Now, this species may be getting a second chance. In 1998, several captive-reared Mexican wolves were released into the wild for the first time in the Blue Range Wolf Recovery Area. The Mexican wolf captive program is currently taking new strides in order to continue the recovery and preservation of this species--mainly through these two, newly born wolf pups

The two male wolf pups were plucked from their den at the Wolf Conservation Center in South Salem last week. They were then flown on a jet and bottle-fed until they reached their new home, the Mesker Park Zoo & Botanic Garden in Indiana. There, they will be raised by foster wolf parents with a good record of raising pups.

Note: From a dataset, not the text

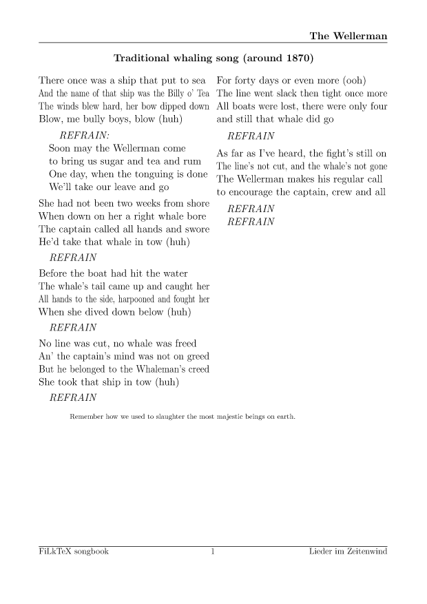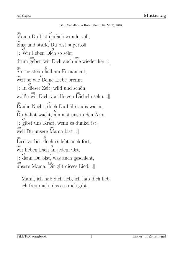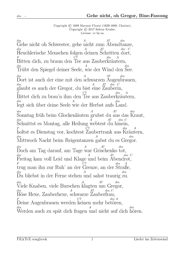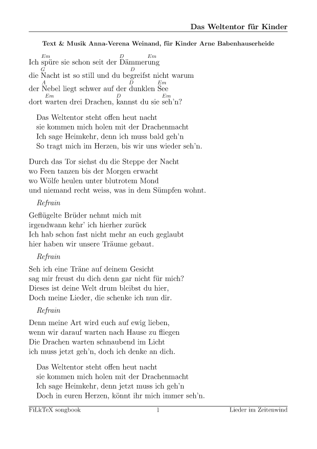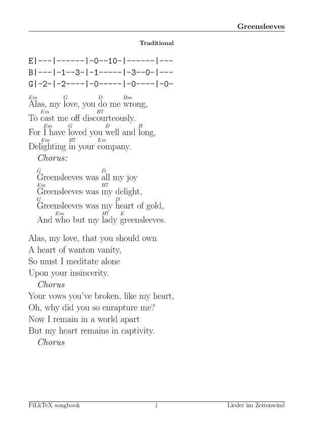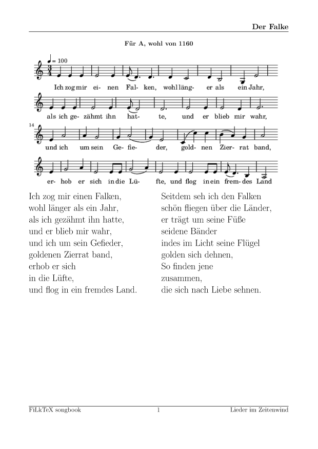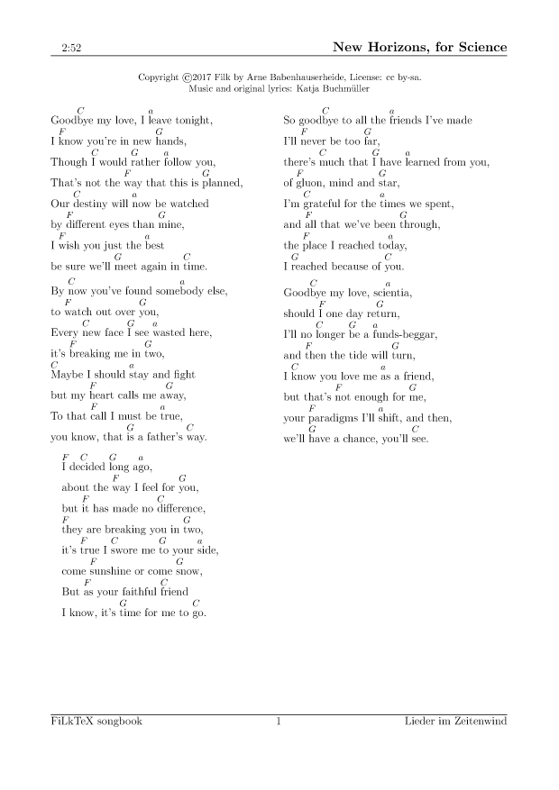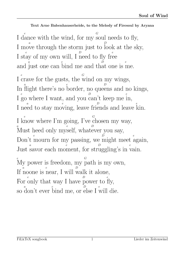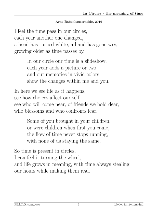 Anders als auf meiner alten Seite will ich die Lieder hier leichter nutzbar (und direkt druckbar) machen. Für alle Lieder hier gibt es die Quellen in meinem FilkTex Liederbuch Repository. Wenn ich keinen Namen dazuschreibe, ist das Lied von mir.

How will this help the species, though? The pups were in harm's way. The last time the pups' mother had a litter of eight, all of the pups died within the first month. The cause for these deaths couldn't be determined, but officials planned to be on the safe side this time.

"It's such an emotional and sensitive decision to pluck these pups away from their mother," said Maggie Howell, who runs the Westchester center where the wolf pups were born, in an interview with the NY Post. "I think that at some level you just have to hope that this is something bigger than their pack."

Currently, there are fewer than 400 Mexican grey wolves left. Hopefully, these two wolf pups will grow into healthy individuals and, one day, sire wolves that will eventually be released into the wild.